When you reach the line containing "Reflective contour bodysuit, crafted", please repeat it and every line after it exactly, through the end of the listing below, skipping pictures.
RECORDS SHOWN section start
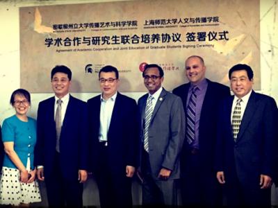 SHNU: On May 8th, Heng Chen, Dean of SHNU College of Humanities and Communications, signed International Academic Cooperation and Development Agreement on Masters’ Degree Candidates Education with Prabu David, Dean of College of Communication Arts and Sciences of MSU. It was also attended by representatives from SHNU International Exchange Office, and SHNU Department of Graduate Students, etc.
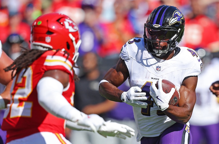With Hill (262 total yards and three touchdowns in 2025) sidelined, the Ravens’ backfield leaned more on Keaton Mitchell (2 carries for 19 yards and TD) and Rasheen Ali (4 carries for 17 yards).
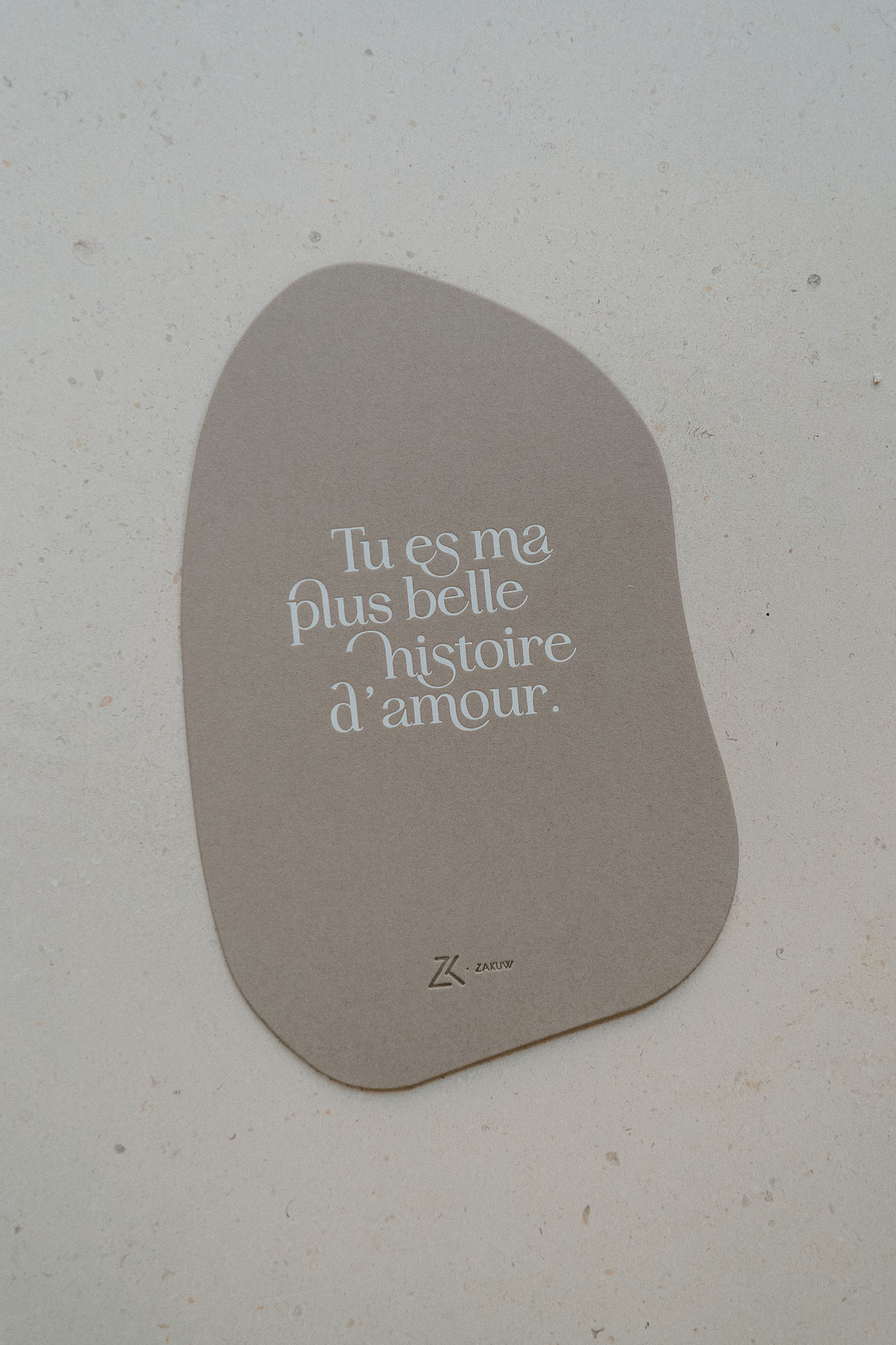 Our pebble-shaped "Histoire d'amour" postcard, with its delicate and poetic style, is designed to celebrate family. Printed in gold letterpress with a tender and timeless message, it naturally finds its place in any interior, placed on a shelf or hung on the wall. It can also accompany a birth gift or serve as a congratulatory card to welcome a new member to the family. A sweet and symbolic little object, to be treasured.
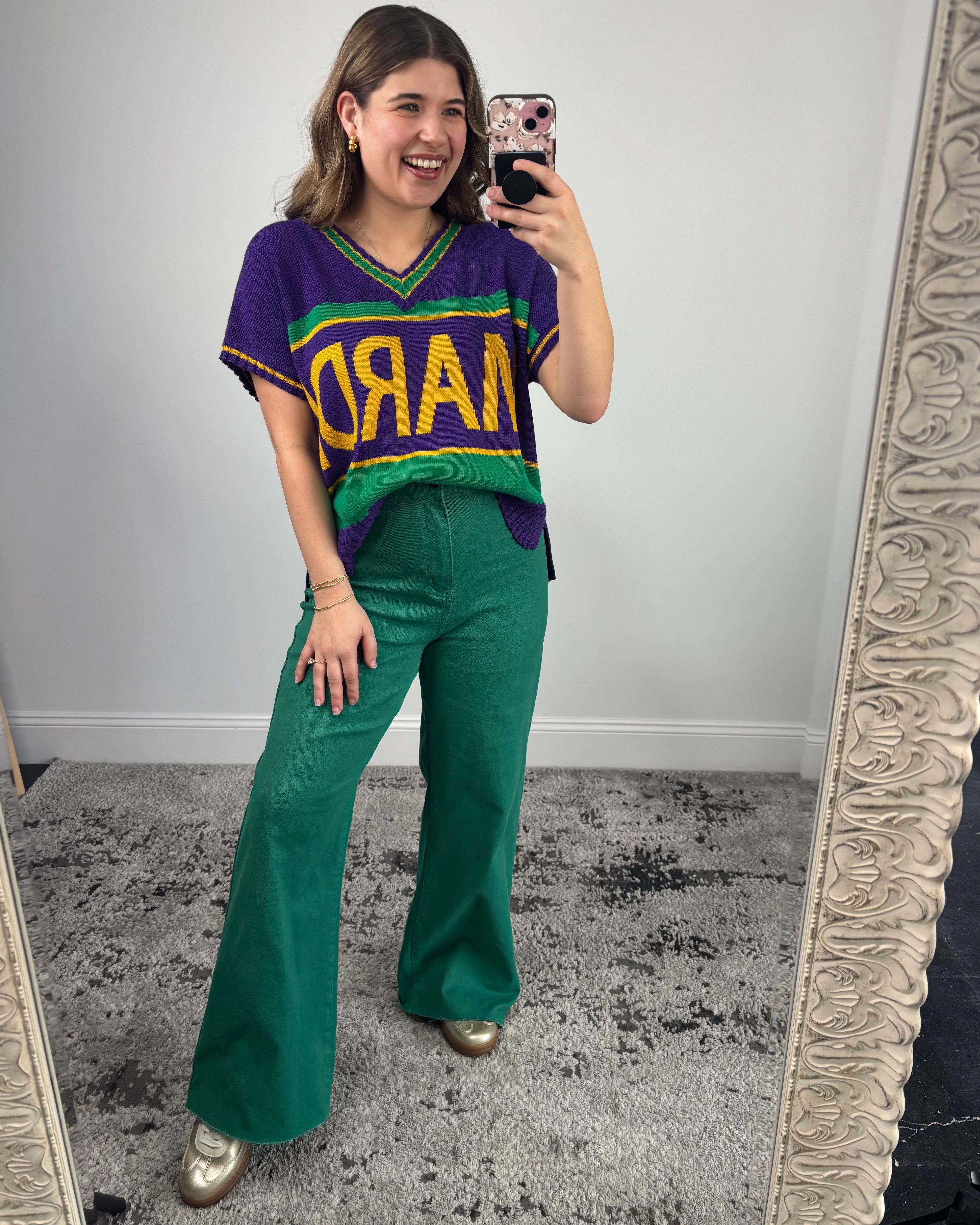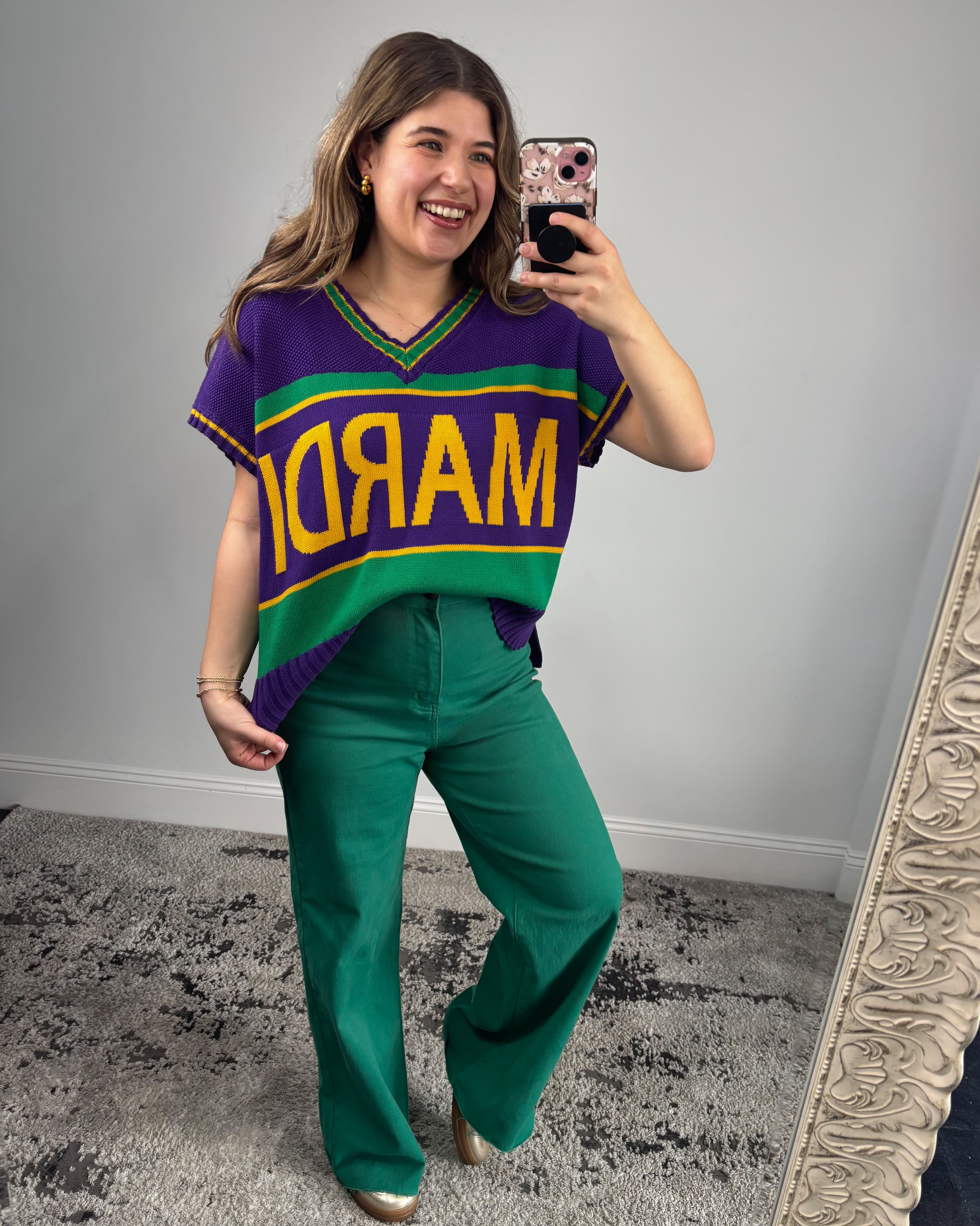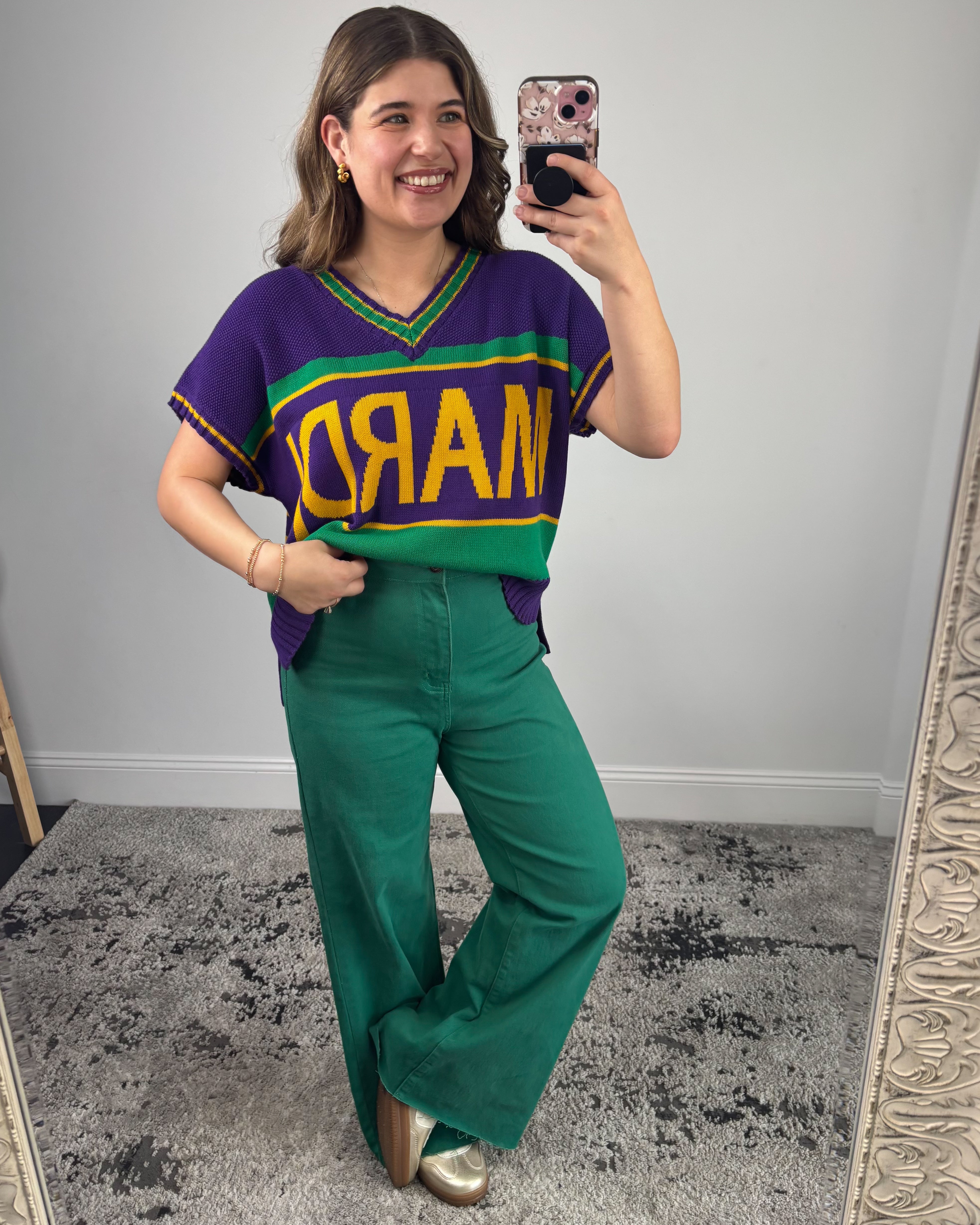 Crafted from a textured knit, this sweater top offers structure without feeling heavy, making it perfect for layering or wearing solo. The V-neckline adds a flattering touch, while the short sleeves keep it seasonally versatile for Louisiana weather. It’s festive enough for parade days but chic enough for casual outings.
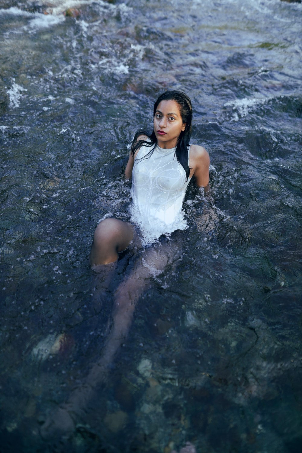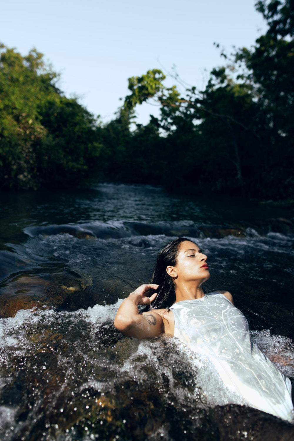 Reflective contour bodysuit, crafted with corset-like embroidery to sculpt your curves. Snap a pic with flash and watch it shine. You can style this look with your denims or any skirt.
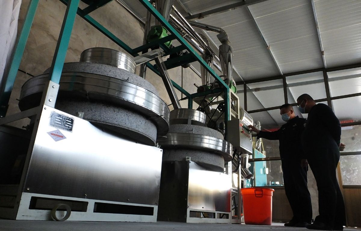 3?月?17?日,新絳縣古交鎮(zhèn)閆家莊村駐村第一書記張衛(wèi)東(左)和村干部在新建的扶貧車間,查看石磨面粉機磨出的面粉質量。
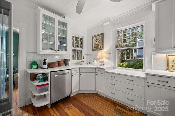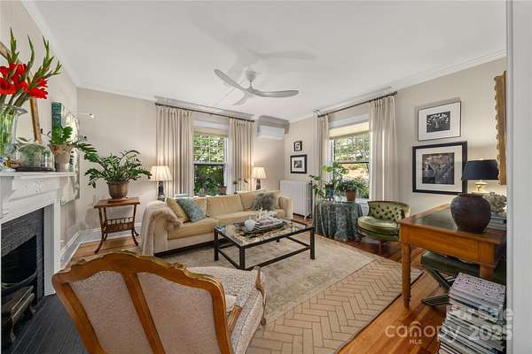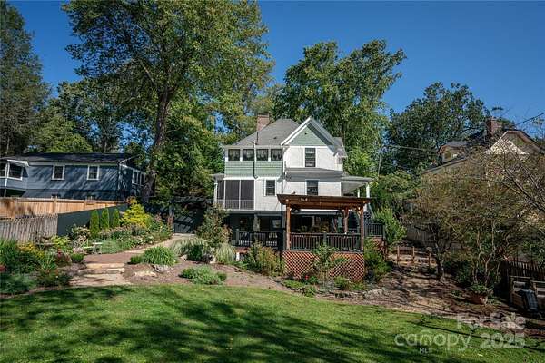 Beautiful Richard Sharp Smith-designed home on an oversized Montford lot, thoughtfully updated while preserving historic character. Features include new kitchen appliances, mini-splits, custom lighting, a renovated primary suite with walk-in shower, crown molding, and more-too many upgrades to list. Lower-level guest suite offers French doors, beverage area, and flexible living space. Outside, enjoy an impeccably designed garden-featured on the 2025 Montford Garden Tour-plus a new deck, privacy fence, and restored exterior. Located in Montford, one of Asheville's most sought-after neighborhoods, known for its inclusivity, walkability, and wonderful neighbors.
RECORDS SHOWN section end
**OUTPUT FOR THIS EXERCISE**.
 Reflective contour bodysuit, crafted with corset-like embroidery to sculpt your curves. Snap a pic with flash and watch it shine. You can style this look with your denims or any skirt.
 3?月?17?日,新絳縣古交鎮(zhèn)閆家莊村駐村第一書記張衛(wèi)東(左)和村干部在新建的扶貧車間,查看石磨面粉機磨出的面粉質量。
 Beautiful Richard Sharp Smith-designed home on an oversized Montford lot, thoughtfully updated while preserving historic character. Features include new kitchen appliances, mini-splits, custom lighting, a renovated primary suite with walk-in shower, crown molding, and more-too many upgrades to list. Lower-level guest suite offers French doors, beverage area, and flexible living space. Outside, enjoy an impeccably designed garden-featured on the 2025 Montford Garden Tour-plus a new deck, privacy fence, and restored exterior. Located in Montford, one of Asheville's most sought-after neighborhoods, known for its inclusivity, walkability, and wonderful neighbors.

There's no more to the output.